-- Problem statement --
Print the lines below from the line with "Gabi Reiserer, begleitet" to the line with "Includes installation hardware." exactly, keeping both ends, and print no pictures.

-- Entries provided --
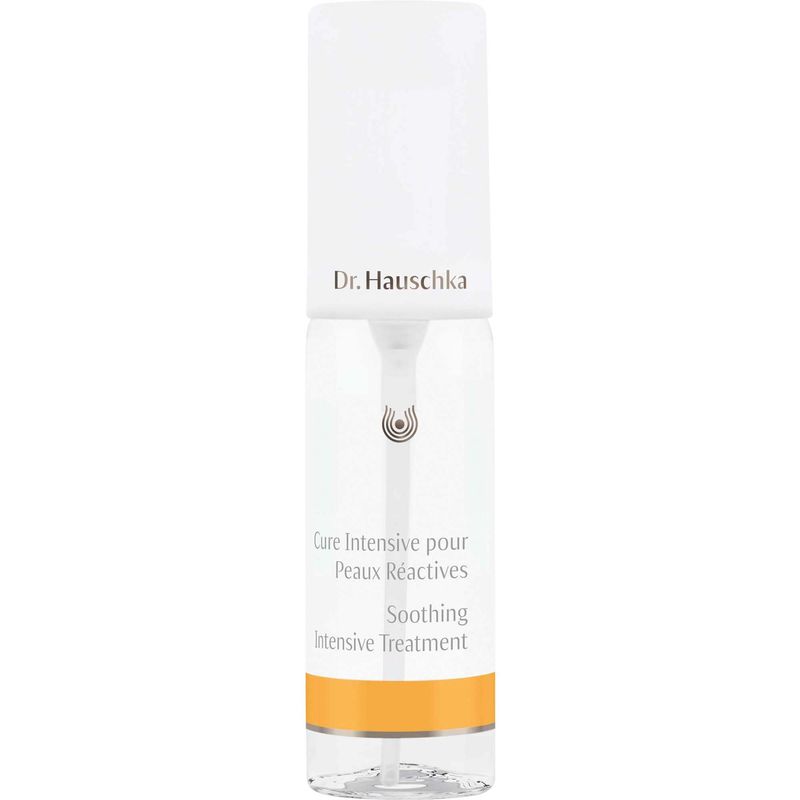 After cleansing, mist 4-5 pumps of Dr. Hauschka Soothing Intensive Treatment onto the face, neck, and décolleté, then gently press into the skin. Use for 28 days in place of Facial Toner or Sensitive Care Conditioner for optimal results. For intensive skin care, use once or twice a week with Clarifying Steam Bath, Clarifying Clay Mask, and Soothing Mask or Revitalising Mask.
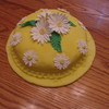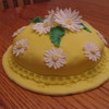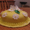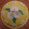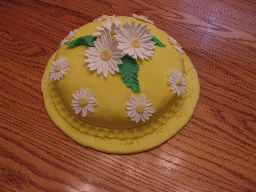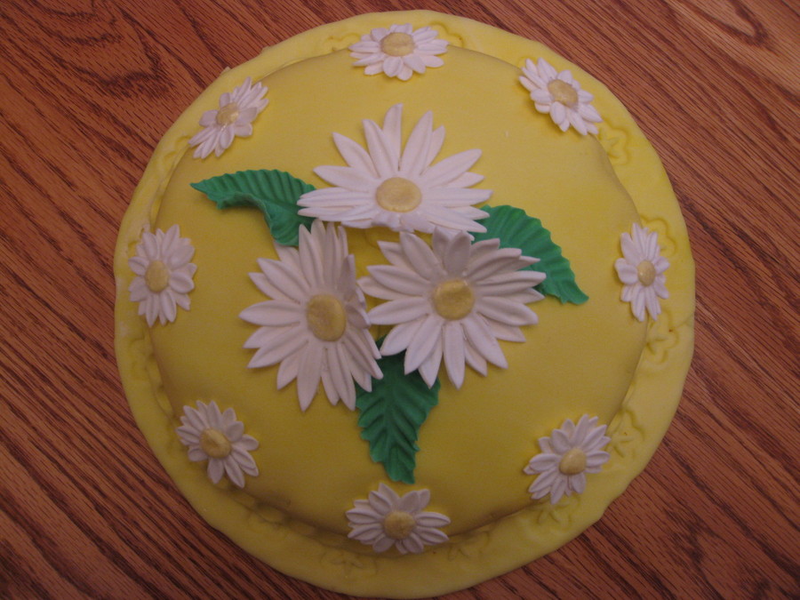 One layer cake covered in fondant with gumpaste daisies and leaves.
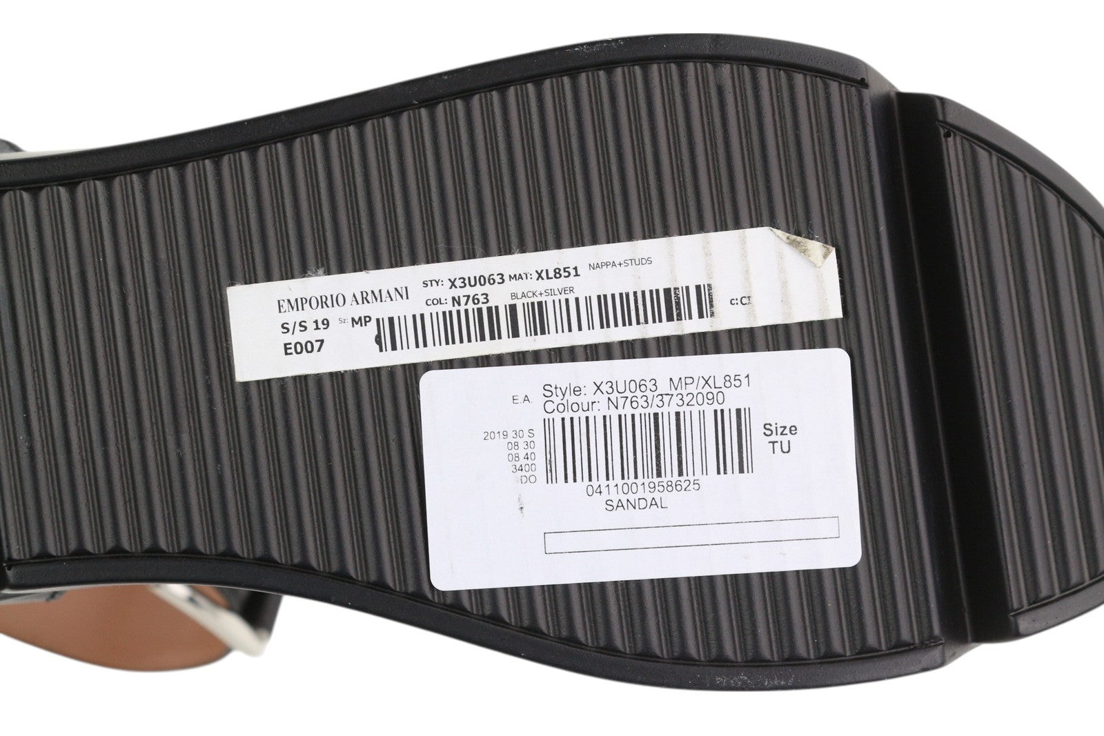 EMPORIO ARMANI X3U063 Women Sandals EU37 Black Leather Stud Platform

...

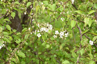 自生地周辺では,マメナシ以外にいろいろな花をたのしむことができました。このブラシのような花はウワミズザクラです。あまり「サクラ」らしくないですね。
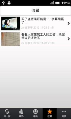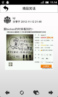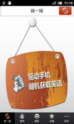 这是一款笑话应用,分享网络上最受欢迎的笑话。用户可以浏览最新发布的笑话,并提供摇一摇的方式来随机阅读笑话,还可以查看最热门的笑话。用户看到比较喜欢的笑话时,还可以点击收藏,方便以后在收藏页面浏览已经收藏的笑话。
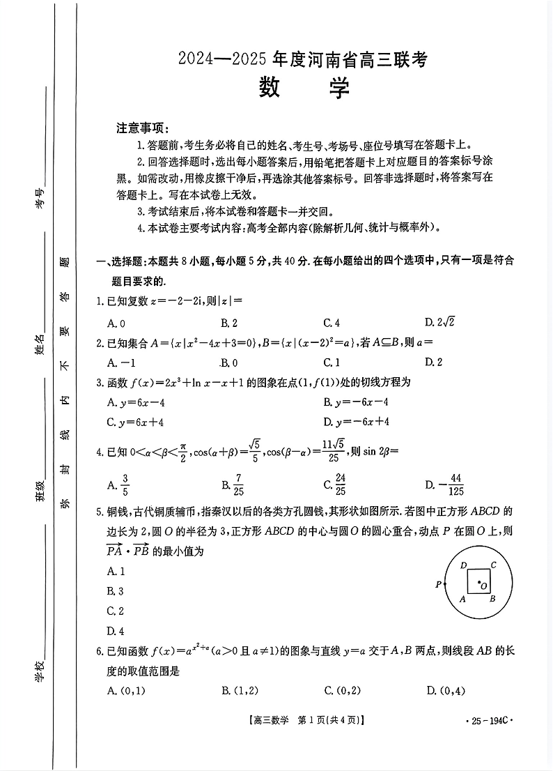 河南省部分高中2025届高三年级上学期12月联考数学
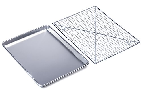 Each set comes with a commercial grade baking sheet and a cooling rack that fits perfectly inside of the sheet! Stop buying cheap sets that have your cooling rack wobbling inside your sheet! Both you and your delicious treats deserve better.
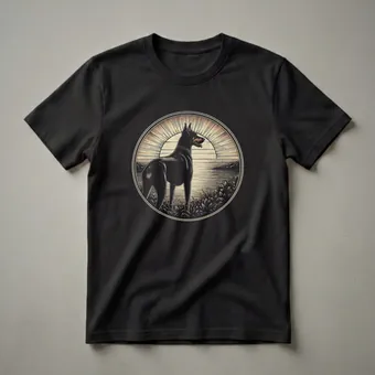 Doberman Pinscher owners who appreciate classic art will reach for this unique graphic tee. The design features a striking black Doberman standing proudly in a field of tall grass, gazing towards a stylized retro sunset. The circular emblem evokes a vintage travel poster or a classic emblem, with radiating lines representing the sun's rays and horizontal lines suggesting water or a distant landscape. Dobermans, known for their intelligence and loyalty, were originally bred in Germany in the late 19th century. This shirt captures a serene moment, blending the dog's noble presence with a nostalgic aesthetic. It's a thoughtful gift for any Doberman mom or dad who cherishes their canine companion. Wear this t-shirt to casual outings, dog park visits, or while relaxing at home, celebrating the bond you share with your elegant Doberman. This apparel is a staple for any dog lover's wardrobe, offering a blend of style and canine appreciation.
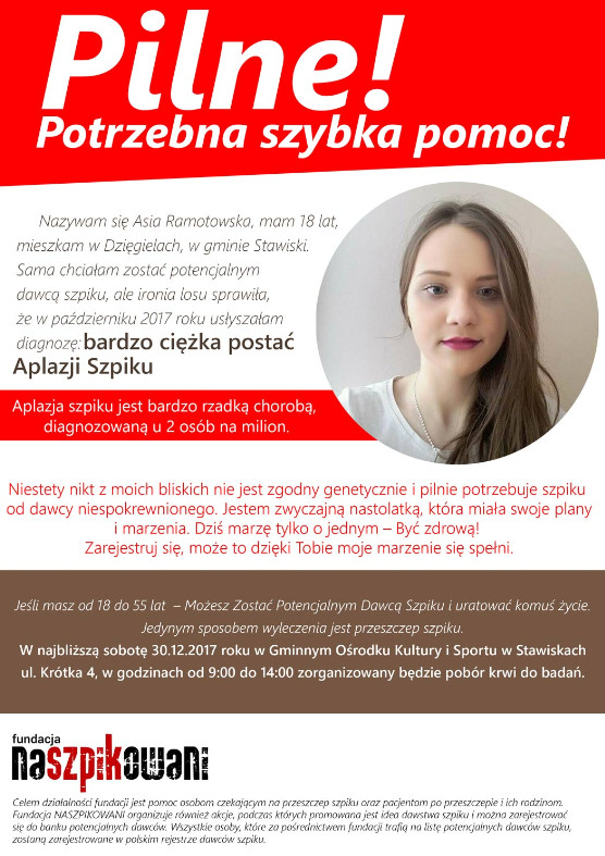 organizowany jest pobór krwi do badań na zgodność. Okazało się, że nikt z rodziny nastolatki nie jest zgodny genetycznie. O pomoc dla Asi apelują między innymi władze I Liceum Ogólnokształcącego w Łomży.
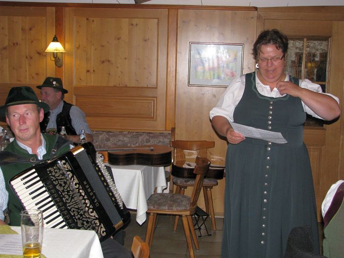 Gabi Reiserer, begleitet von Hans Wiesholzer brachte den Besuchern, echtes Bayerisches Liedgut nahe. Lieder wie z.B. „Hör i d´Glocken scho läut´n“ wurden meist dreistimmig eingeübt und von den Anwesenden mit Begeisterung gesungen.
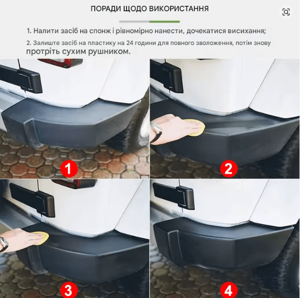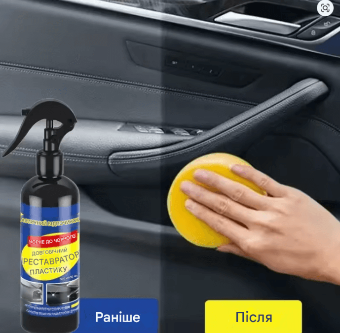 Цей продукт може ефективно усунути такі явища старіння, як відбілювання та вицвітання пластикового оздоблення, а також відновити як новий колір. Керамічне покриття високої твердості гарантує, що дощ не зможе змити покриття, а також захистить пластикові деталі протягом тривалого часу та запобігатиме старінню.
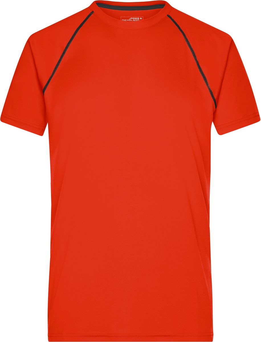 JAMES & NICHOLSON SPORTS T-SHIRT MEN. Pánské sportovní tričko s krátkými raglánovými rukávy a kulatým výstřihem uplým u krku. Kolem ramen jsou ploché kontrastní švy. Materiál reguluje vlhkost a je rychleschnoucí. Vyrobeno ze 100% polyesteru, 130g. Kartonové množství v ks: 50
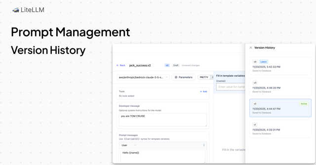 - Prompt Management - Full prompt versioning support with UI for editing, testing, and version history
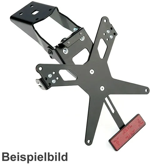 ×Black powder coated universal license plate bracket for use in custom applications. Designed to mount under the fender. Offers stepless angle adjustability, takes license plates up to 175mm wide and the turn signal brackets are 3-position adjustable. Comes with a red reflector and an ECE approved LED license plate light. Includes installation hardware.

-- Solution below --
 Gabi Reiserer, begleitet von Hans Wiesholzer brachte den Besuchern, echtes Bayerisches Liedgut nahe. Lieder wie z.B. „Hör i d´Glocken scho läut´n“ wurden meist dreistimmig eingeübt und von den Anwesenden mit Begeisterung gesungen.
 Цей продукт може ефективно усунути такі явища старіння, як відбілювання та вицвітання пластикового оздоблення, а також відновити як новий колір. Керамічне покриття високої твердості гарантує, що дощ не зможе змити покриття, а також захистить пластикові деталі протягом тривалого часу та запобігатиме старінню.
 JAMES & NICHOLSON SPORTS T-SHIRT MEN. Pánské sportovní tričko s krátkými raglánovými rukávy a kulatým výstřihem uplým u krku. Kolem ramen jsou ploché kontrastní švy. Materiál reguluje vlhkost a je rychleschnoucí. Vyrobeno ze 100% polyesteru, 130g. Kartonové množství v ks: 50
 - Prompt Management - Full prompt versioning support with UI for editing, testing, and version history
 ×Black powder coated universal license plate bracket for use in custom applications. Designed to mount under the fender. Offers stepless angle adjustability, takes license plates up to 175mm wide and the turn signal brackets are 3-position adjustable. Comes with a red reflector and an ECE approved LED license plate light. Includes installation hardware.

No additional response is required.